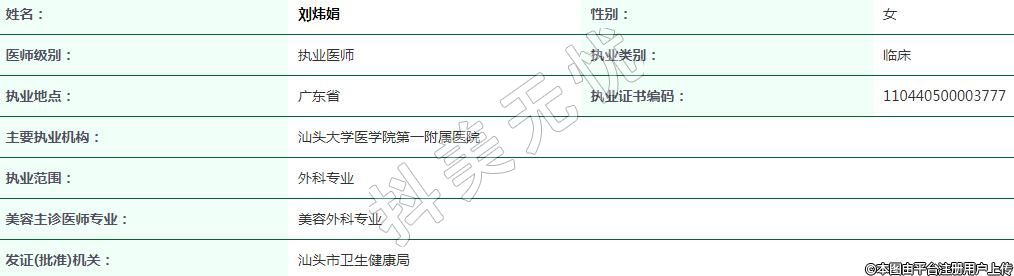 汕頭大學(xué)醫(yī)學(xué)院第一附屬醫(yī)院醫(yī)學(xué)美容執(zhí)業(yè)醫(yī)生
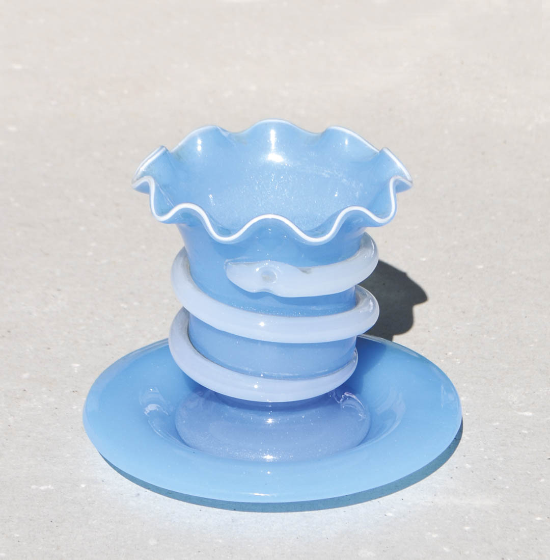 Bicchiere con serpente, metà Ottocento;Altezza bicchiere 11 cm, diametro piattino 14 cm
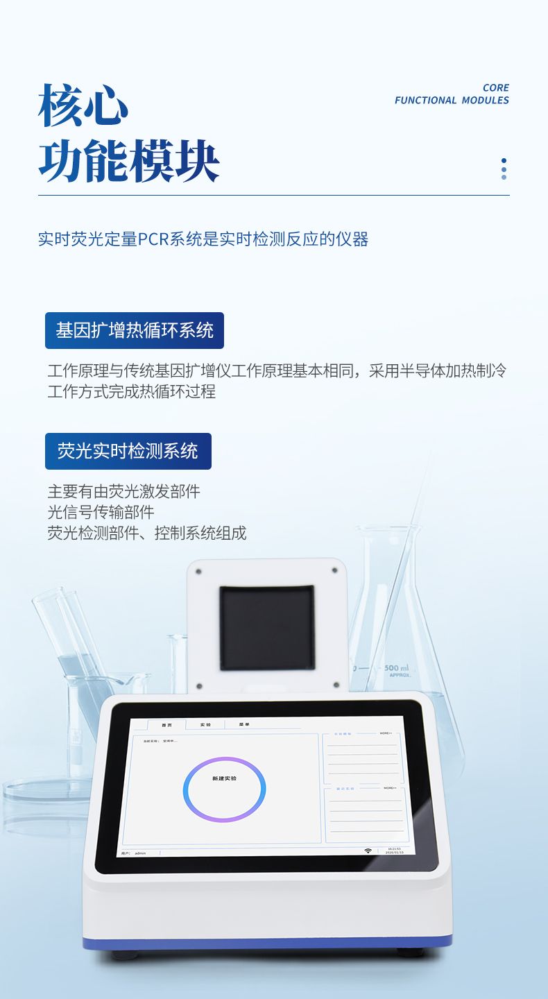 實時熒光定量PCR系統是實時檢測反應的儀器,主要由基因擴增熱循環系統、熒光實時檢測系統、微電路控制系統、計算機及應用軟件組成。其中兩個核心功能模塊:熱循環系統和熒光實時檢測系統。其中基因擴增熱循環系統工作原理與傳統基因擴增儀工作原理基本相同,采用半導體加熱制冷工作方式完成熱循環過程。熒光檢測系統主要有由熒光激發部件、光信號傳輸部件、熒光檢測部件、控制系統組成。
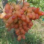 Красивые большие и хрустящие спелые плоды нежнейшего янтарного или розоватого оттенка, свисающие на огромных гроздьях, принадлежат вкусному и сочному винограду сорта Диксон.
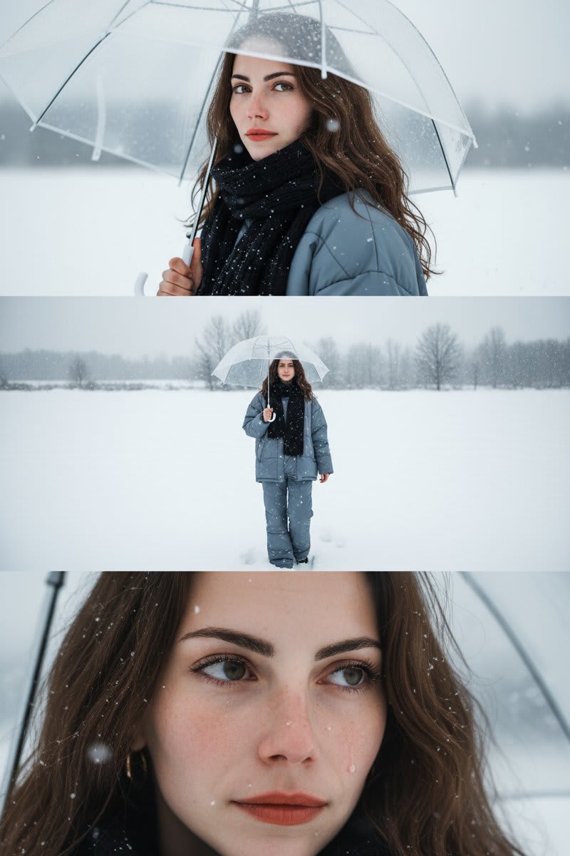 "Create a vertical frame (4K quality) - divided into three equally sized horizontal images placed together.
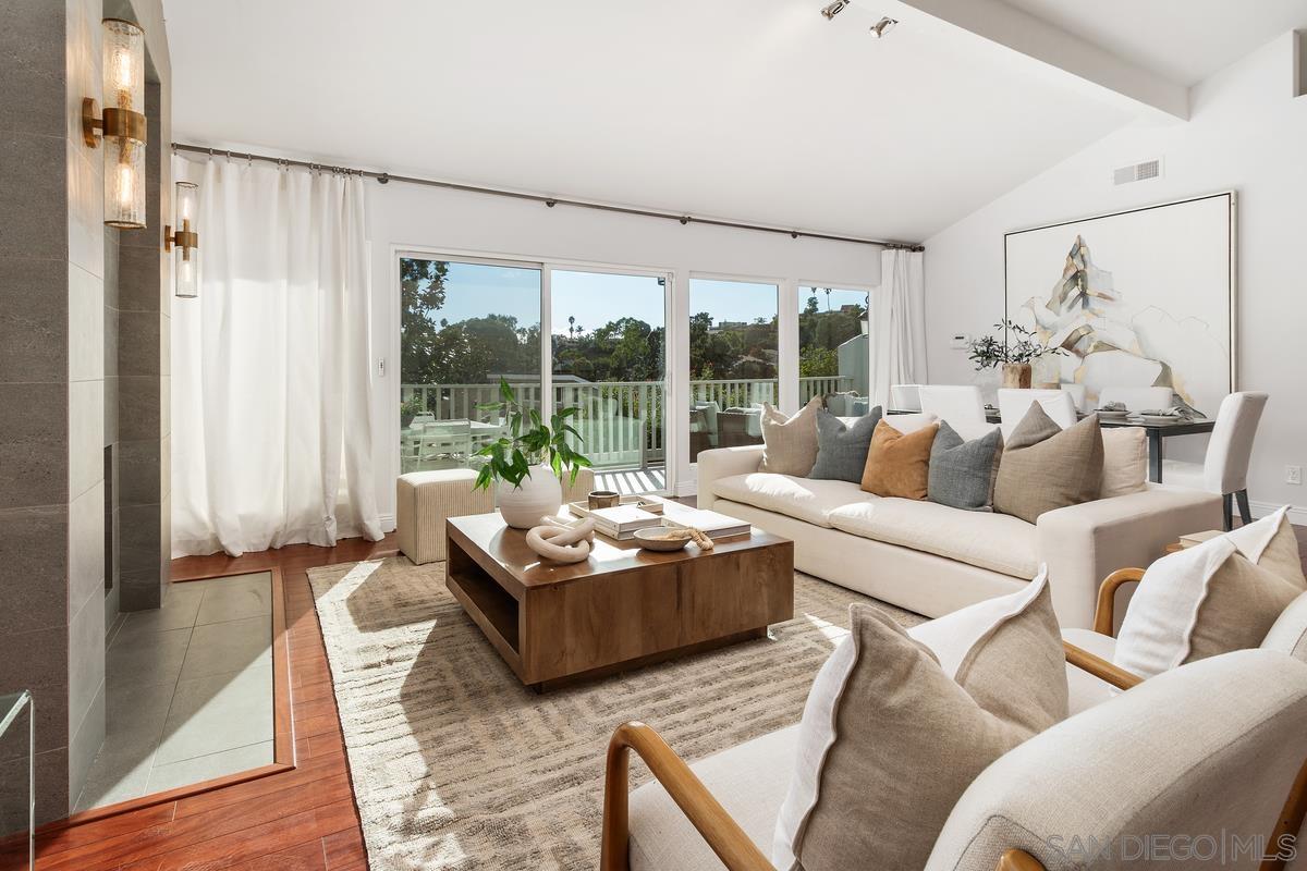 This beautifully remodeled, end-unit CX Model in Mount La Jolla is awaiting its new owners! Inside, you’re welcomed by warm wood floors, and a freshly painted, light-filled interior. Ideally designed for entertaining, the expansive living room is highlighted by a voluminous vaulted ceiling, impressive fireplace, wet bar, and sprawling deck spanning the length of the room with a retractable awning. Whipping up your favorite meal is easy in the stunning chef’s kitchen featuring a skylight, abundant custom cabinetry, and 180 bottle dual zone wine refrigerator. Each of the 3 generously sized bedrooms are en suite, one of which conveniently offers a loft/office area. Privacy abounds in the tranquil, fully fenced backyard boasting artificial turf, a southern orientation, and a spacious covered patio. Some notable features and upgrades: redesigned lower level, remodeled fireplace, kitchen and bathrooms, newer furnace and AC (6-2022), a wood and iron staircase, security system, and a finished garage with built-in cabi
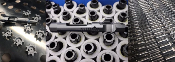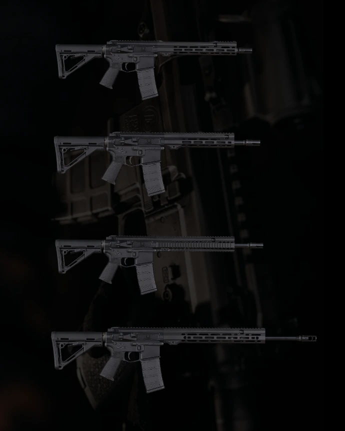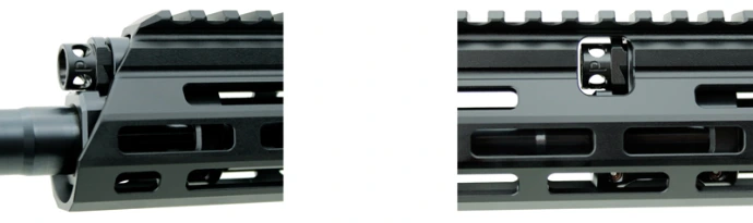 Bei allen M4s® Modellen kommen nur hochwertigste Komponenten aus eigener Fertigung wie zum Beispiel ein 3-PRONG Flash Hider bis 14,5‘‘ und eine 3-Kammer Hochleistungsbremse ab 16,5‘‘ Lauflänge, alle Mündungskomponenten werden mit einer eigenen Seriennummer versehen.
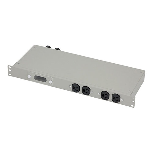 15A仕様のサーキットブレーカー1個とコンセントが組み込み配線された、19インチマウント型1Uサイズのブレーカーパネルです。コンセント数は、2個(前面のみ)と、5個(前面と後面)から選択可能です。アー |
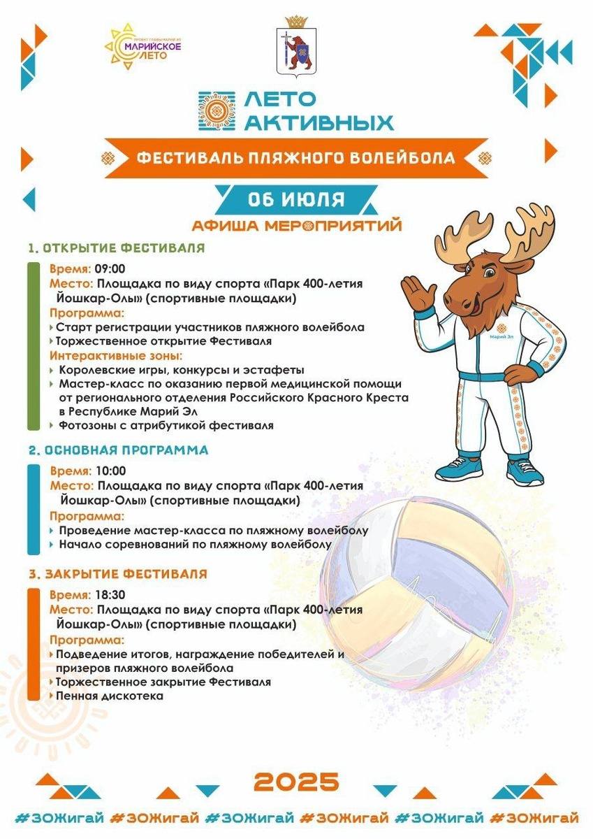 6 июля в Йошкар-Оле пройдет Фестиваль пляжного волейбола Местом проведения станет площадка Парка 400-летия Йошкар-Олы. Фестиваль стартует в 9:00, сообщил организаторы. В программе − регистрация игроков, торжественное открытие фестиваля, работ интерактивных зон (›королевские игры, конкурсы и эстафеты), мастер-класс по оказанию первой медицинской помощи от регионального отделения Российского Красного Креста, фотозоны, пенная дискотека и, конечно же, награждение победителей.

:: ASSIGNMENT ::
All of the material must be repeated exactly in the answer, apart from the pictures.

:: ANSWER SECTION ::
 汕頭大學(xué)醫(yī)學(xué)院第一附屬醫(yī)院醫(yī)學(xué)美容執(zhí)業(yè)醫(yī)生
 Bicchiere con serpente, metà Ottocento;Altezza bicchiere 11 cm, diametro piattino 14 cm
 實時熒光定量PCR系統是實時檢測反應的儀器,主要由基因擴增熱循環系統、熒光實時檢測系統、微電路控制系統、計算機及應用軟件組成。其中兩個核心功能模塊:熱循環系統和熒光實時檢測系統。其中基因擴增熱循環系統工作原理與傳統基因擴增儀工作原理基本相同,采用半導體加熱制冷工作方式完成熱循環過程。熒光檢測系統主要有由熒光激發部件、光信號傳輸部件、熒光檢測部件、控制系統組成。
 Красивые большие и хрустящие спелые плоды нежнейшего янтарного или розоватого оттенка, свисающие на огромных гроздьях, принадлежат вкусному и сочному винограду сорта Диксон.
 "Create a vertical frame (4K quality) - divided into three equally sized horizontal images placed together.
 This beautifully remodeled, end-unit CX Model in Mount La Jolla is awaiting its new owners! Inside, you’re welcomed by warm wood floors, and a freshly painted, light-filled interior. Ideally designed for entertaining, the expansive living room is highlighted by a voluminous vaulted ceiling, impressive fireplace, wet bar, and sprawling deck spanning the length of the room with a retractable awning. Whipping up your favorite meal is easy in the stunning chef’s kitchen featuring a skylight, abundant custom cabinetry, and 180 bottle dual zone wine refrigerator. Each of the 3 generously sized bedrooms are en suite, one of which conveniently offers a loft/office area. Privacy abounds in the tranquil, fully fenced backyard boasting artificial turf, a southern orientation, and a spacious covered patio. Some notable features and upgrades: redesigned lower level, remodeled fireplace, kitchen and bathrooms, newer furnace and AC (6-2022), a wood and iron staircase, security system, and a finished garage with built-in cabi
 Bei allen M4s® Modellen kommen nur hochwertigste Komponenten aus eigener Fertigung wie zum Beispiel ein 3-PRONG Flash Hider bis 14,5‘‘ und eine 3-Kammer Hochleistungsbremse ab 16,5‘‘ Lauflänge, alle Mündungskomponenten werden mit einer eigenen Seriennummer versehen.
 15A仕様のサーキットブレーカー1個とコンセントが組み込み配線された、19インチマウント型1Uサイズのブレーカーパネルです。コンセント数は、2個(前面のみ)と、5個(前面と後面)から選択可能です。アー |
 6 июля в Йошкар-Оле пройдет Фестиваль пляжного волейбола Местом проведения станет площадка Парка 400-летия Йошкар-Олы. Фестиваль стартует в 9:00, сообщил организаторы. В программе − регистрация игроков, торжественное открытие фестиваля, работ интерактивных зон (›королевские игры, конкурсы и эстафеты), мастер-класс по оказанию первой медицинской помощи от регионального отделения Российского Красного Креста, фотозоны, пенная дискотека и, конечно же, награждение победителей.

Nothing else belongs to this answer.